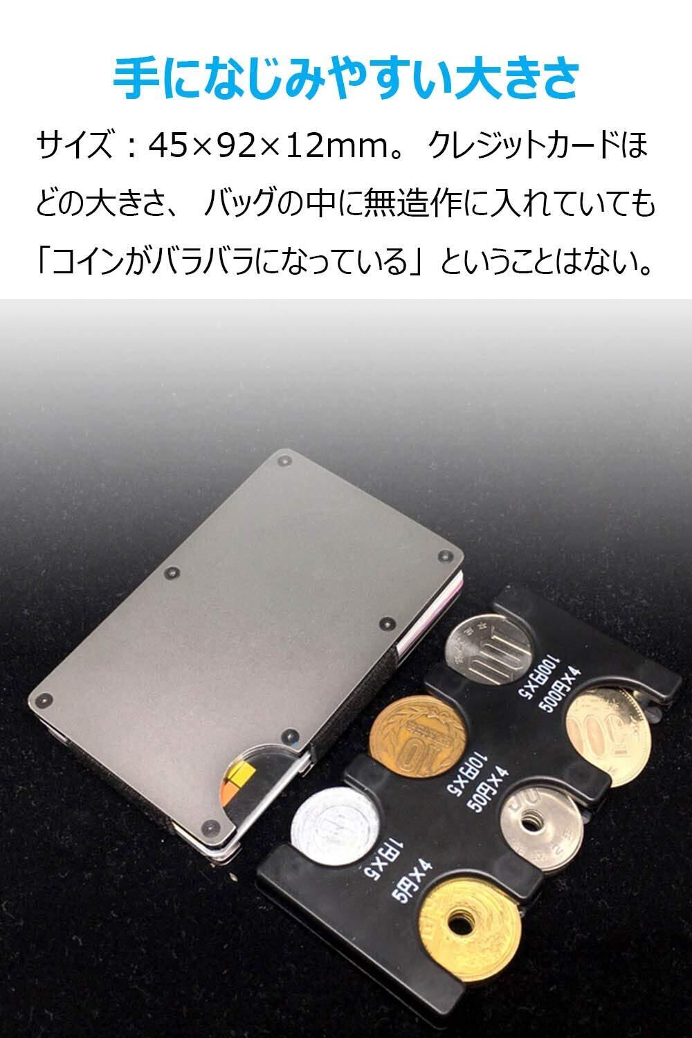 手になじみやすい大きさ:サイズ45 x 92 x 12mm。2775円分収納できます。クレジットカードほどの大きさで、バッグの中に無造作に入れていても「コインがバラバラになっている」ということはない。
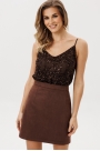 Юбка выполнена из плотной искусственной замши. Юбка прямого силуэта, длиной выше линии колена. Перед...
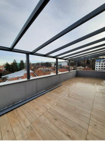 Apartamentul este situat la etajul 3 al unui imobil cu 3 nivele, este sigurul apartament pe etaj si este compartimentat astfel: living generos cu bucatarie open space si loc pentru servirea mesei, 2 dormitoare, 2 bai cu geam, 1 dressing, 1 hol si o terasa ce masoara 32 mp. Terasa, care ofera o panorama foarte frumoasa, va fi mobilata, oferind un plus de confort pentru petrecerea timpului liber. De asemenea, pentru un nivel suplimentar de siguranta al viitorilor locatari, proprietatea dispune de sistem de alarma.
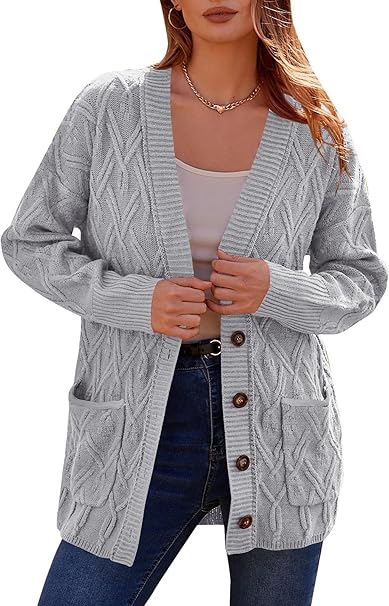 PRETTYGARDEN Women's Long Sleeve Cable Knit Cardigan Sweaters 2024 Oversized Open Front Long Cardigans Button Up Outerwear
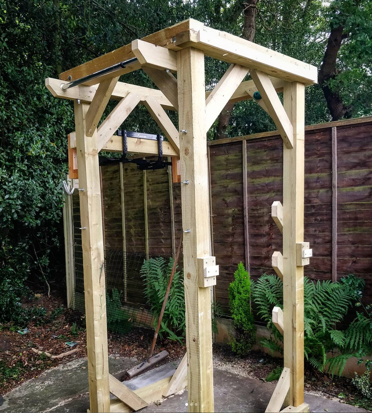 Getting inspiration from Pinterest I built what is known as a power cage, I built it from 4×4 fence posts and incorporated racks for a barbell and loops for resistance bands, it even had a bar for pull ups, I capitalised on people going back to the gym and selling the weights they bought during lock down.
____
• Assigned task:
Output nothing but the entries above, exactly, once the pictures are removed.

• Problem solution:
 手になじみやすい大きさ:サイズ45 x 92 x 12mm。2775円分収納できます。クレジットカードほどの大きさで、バッグの中に無造作に入れていても「コインがバラバラになっている」ということはない。
 Юбка выполнена из плотной искусственной замши. Юбка прямого силуэта, длиной выше линии колена. Перед...
 Apartamentul este situat la etajul 3 al unui imobil cu 3 nivele, este sigurul apartament pe etaj si este compartimentat astfel: living generos cu bucatarie open space si loc pentru servirea mesei, 2 dormitoare, 2 bai cu geam, 1 dressing, 1 hol si o terasa ce masoara 32 mp. Terasa, care ofera o panorama foarte frumoasa, va fi mobilata, oferind un plus de confort pentru petrecerea timpului liber. De asemenea, pentru un nivel suplimentar de siguranta al viitorilor locatari, proprietatea dispune de sistem de alarma.
 PRETTYGARDEN Women's Long Sleeve Cable Knit Cardigan Sweaters 2024 Oversized Open Front Long Cardigans Button Up Outerwear
 Getting inspiration from Pinterest I built what is known as a power cage, I built it from 4×4 fence posts and incorporated racks for a barbell and loops for resistance bands, it even had a bar for pull ups, I capitalised on people going back to the gym and selling the weights they bought during lock down.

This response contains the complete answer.